The popular Ikare junction in Owo serves as a confluence for vehicles coming from the eastern part of the country and vehicles coming from the northern side before linking up to the Akure-Owo road en route Akure. Failed portions exist a stone throw from the Rufus Giwa Polytechnic. While vehicles coming into the Ondo state capital from the northern part of the country have sought an alternative in the Ado-Owo road, this route still opens up the capital city to the eastern part of the country.
On the Akure-Ado road, Ayeni explains the effect of the road on all sundry, "If, as a driver, you don't drive slowly, your absorber will be destroyed and your two rare tires will burst."
He continues, "It is affecting both the indigenes and the visitors. When a stranger is going to Ado now, he may begin to wonder if he is going to a state capital. If an indigene of Ekiti hears him say that, obviously he will feel shy about it."

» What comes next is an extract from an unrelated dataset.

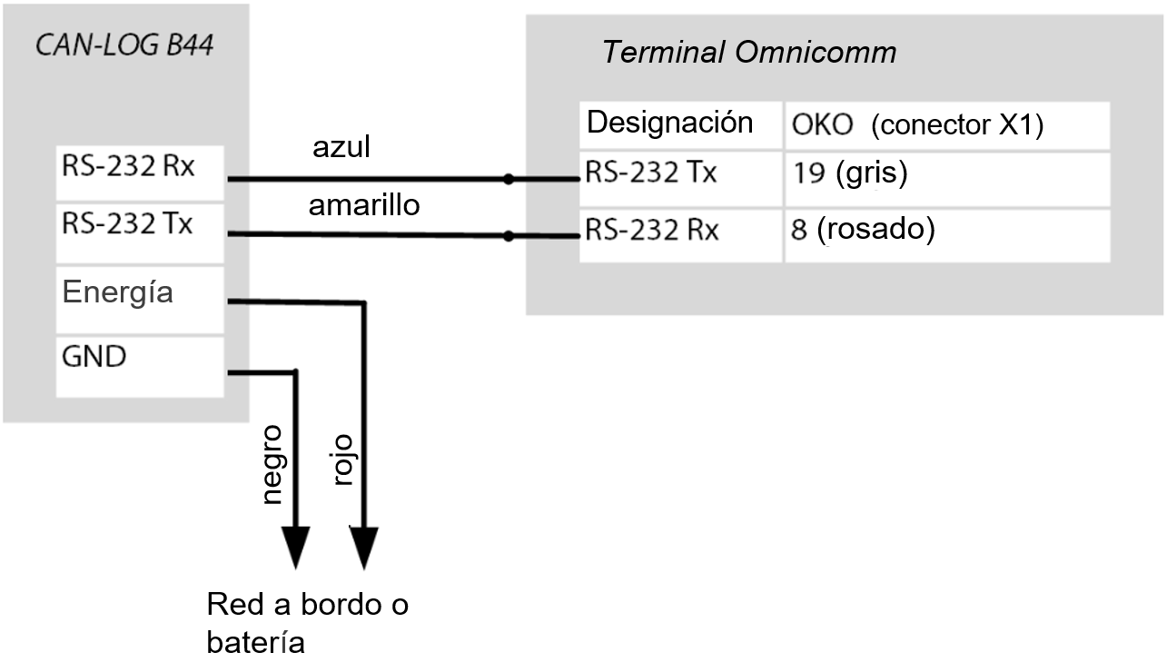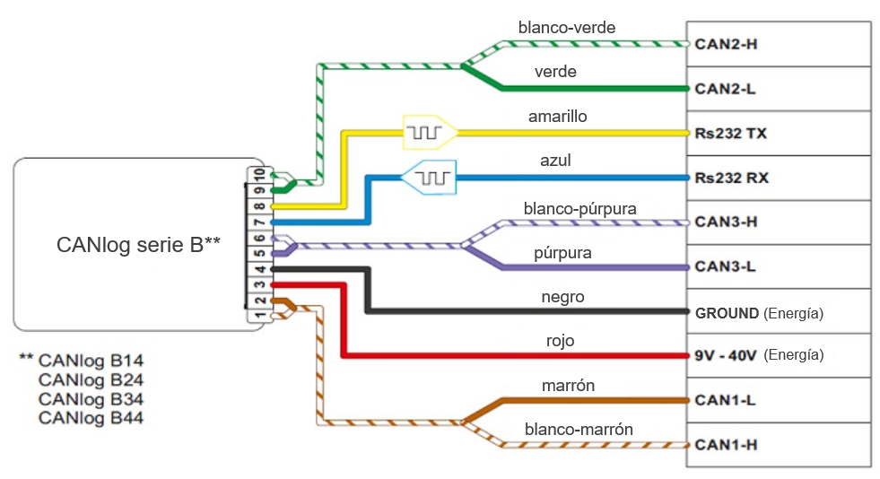 Conecte el CAN-LOG de las series B14, B24, B34, B44 al bus CAN del vehículo de acuerdo con la imagen:

Ayeni narrated that some private car owners who work in Ekiti state but live in Akure park their vehicles in the Ado motor park while they take up commercial cars to Ado-Ekiti. He pointed out that a countless number of accidents have happened on the road.
He recalled, "Just last week, a vehicle was trying to dodge a gallop and in the course of that it hit another oncoming vehicle. It was a fatal collision but thank God no life was lost. It was this same road. Many are the accidents that we can't even count them."
Another driver on the route, Adewale Julius, bemoans the terrible state of the road as the festive period is fast approaching.
"It is terrible. Our vehicles get spoilt every day. Our tires burst. Hold up all the time. There are potholes on the road. The students are not left behind as well as the civil servants because taxi drivers don't want to come to this axis. Julius pleaded with the state and federal governments to do something about the road.
When contacted on phone, a media aide to Sen. Tayo Alasoadura blamed a failed portion of the road on the activities of men working in the abattoir.
"They should talk to people killing cows at the abattoir. They are the ones causing the problem. The water coming from the abattoir moves straight to the road."